Have money, will travel: U.S. grant fund eyes Nunavut

"You want to make sure you put your best foot forward, and I think we did that"

JIM BELL

Officials from the MacArthur Foundation, one of America's 10 largest charitable funds, visited Nunavut last week to start talking to people about how the organization's enormous wealth can be used to help Nunavut and the Arctic.

Based in Chicago, the John D. and Catherine T. MacArthur Foundation gives more than $200 million a year to causes around the globe, out of investment income earned by its $4 billion fund.

The foundation's president, Jonathan Fanton, along with board member Lloyd Axworthy, sat down last weekend with representatives from several organizations and the Nunavut government at a bed and breakfast hotel in Iqaluit.

Sheila Watt-Cloutier, the president of the Inuit Circumpolar Conference, said she's been talking to Axworthy for more than a year about getting the MacArthur Foundation more involved in Nunavut.

She said the foundation has a strong interest in the environment, sustainable development and human rights, which matches the ICC's recent efforts aimed at showing how global warming affects the human rights of Inuit.

"The Arctic is a global barometer right now," Watt-Cloutier said.

Other Inuit leaders included Ben Kovic of the Nunavut Wildlife Management Board, Joanasie Akumalik of Nunavut Tunngavik Inc., and Meeka Mike and Pitseolak Alainga of the Iqaluit hunters and trappers organization.

"We had a really good group of people to meet with, a good cross-section," said Education Minister Ed Picco, who represented the Nunavut government, along with Economic Development Minister David Simailak.

Axworthy, a once-powerful Liberal cabinet minister, is no stranger to Nunavut. As Canada's foreign affairs minister, he presided over the creation of the eight-nation Arctic Council at its founding meeting in Iqaluit in 1998. Travelling with him was David Anderson, the Liberal MP for Victoria who served as environment minister in the last government.

Picco said the group talked about a wide range of subjects, including global warming, climate change, education, co-management systems for protecting the environment, sustainable development, Inuit hunting, and problems created by the U.S. Marine Mammals Protection Act.

It's still too early to say what the MacArthur Foundation will be willing to support, and how much money they'll be willing to give to Nunavut interests.

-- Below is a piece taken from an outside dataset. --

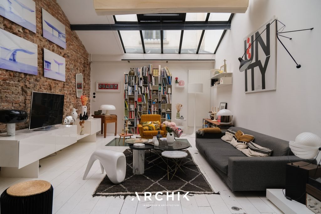 20Th century industrial architecture, this former furniture factory, hidden from view at the back of a paved courtyard typical of the artisanal past of the Charonne-Keller district, houses a characterful 160 m2 loft workshop reinvented as a living space, like an independent house, a stone's throw from Keller Street. Rehabilitated in 2005, this unique, vertically conceived space is a place where light circulates freely thanks to large skylights and a volumetric architecture. Behind a discreet facade, the space is fluidly organized, blending exposed brick, metal beams, skylights, and understated materials in an industrial style. The ground floor houses the entrance, leading to a first living space currently used as an office or guest room, ideal for working from home, a separate area, or an occasional bedroom. Beyond this, a master suite unfolds around a freestanding bathtub, with an adjoining dressing room and shower room, offering exceptional comfort and an almost hotel-like atmosphere. A steel staircase, a sculptural element of the space, leads to the first floor, the vibrant heart of the loft. Here, the main living area opens beneath an extra-large skylight: the living room, dining room, and open-plan kitchen with unobstructed views flow together in a single volume bathed in natural southern light. The high ceilings and perspectives create a feeling of spaciousness and constant openness. A bedroom completes this level. On the second floor which has recently been extended the home-like feel continues with two additional bedrooms, ideal for a family, guests, or a creative space, as well as a shower room. This loft offers a subtle balance between intimacy and openness, raw architecture and contemporary comfort, in a scenographic layout where each level has its own atmosphere, allowing for multiple uses and true modularity on a daily basis. A storage unit in the courtyard is available as an additional option. A loft that feels like a house, with an industrial aesthetic.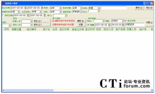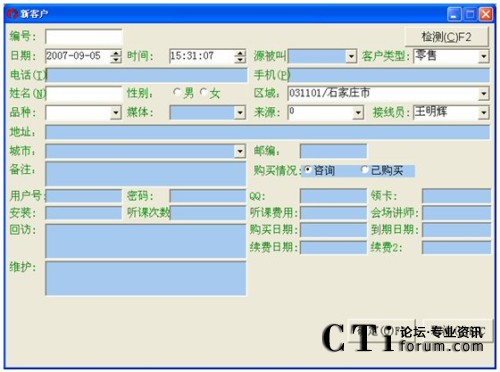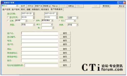 注:對(duì)于登記日期一直到客戶名這一段條件的查詢(即上圖中所有的那些查詢條件),都得點(diǎn)擊客戶名欄對(duì)應(yīng)的那個(gè)查找按鈕才能進(jìn)行有效的查找,否則若點(diǎn)擊其它按鈕(姓名電話直接檢索對(duì)應(yīng)的查找除外),都會(huì)提示“請(qǐng)輸入****”這種錯(cuò)誤信息。而點(diǎn)擊最后一個(gè)查找,也是無(wú)效的,會(huì)轉(zhuǎn)到客戶管理中空白信息欄(即什么也查不到)。

But Picco said it was important to avoid the fiasco that occurred back in 2000 when representatives of the multi-billion-dollar Bill and Melinda Gates Foundation came to Nunavut to talk about giving money and free computers to the library system - and no one in Nunavut wanted to talk to them.

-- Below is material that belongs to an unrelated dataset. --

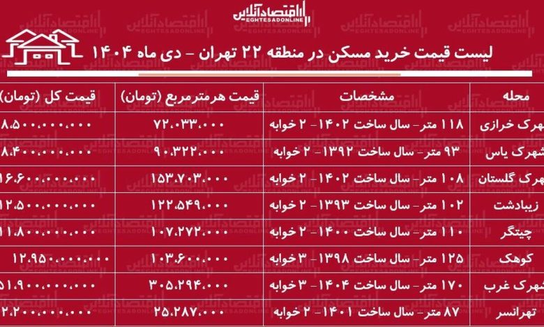 لیست قیمت خرید مسکن در منطقه ۲۲ تهران / قیمت خرید هر متر آپارتمان در شهرک غرب، چیتگر و….چند شد؟ + جدول دی ماه ۱۴۰۴

"We stepped up to the plate, but no one came," said a Gates Foundation spokesperson in the summer of 2000. Eventually, though, the Gates organization provided Nunavut with a $486,000 grant after education officials scrambled to undo their initial blunder.

But this time, Nunavut officials were ready to accommodate the visiting philanthropists.

"You're trying to make the case for Nunavut, to try to gain some advocacy. When these guys come in, you want to make sure you put your best foot forward, and I think we did that," Picco said.

You can find more information about the MacArthur at www.macfdn.org.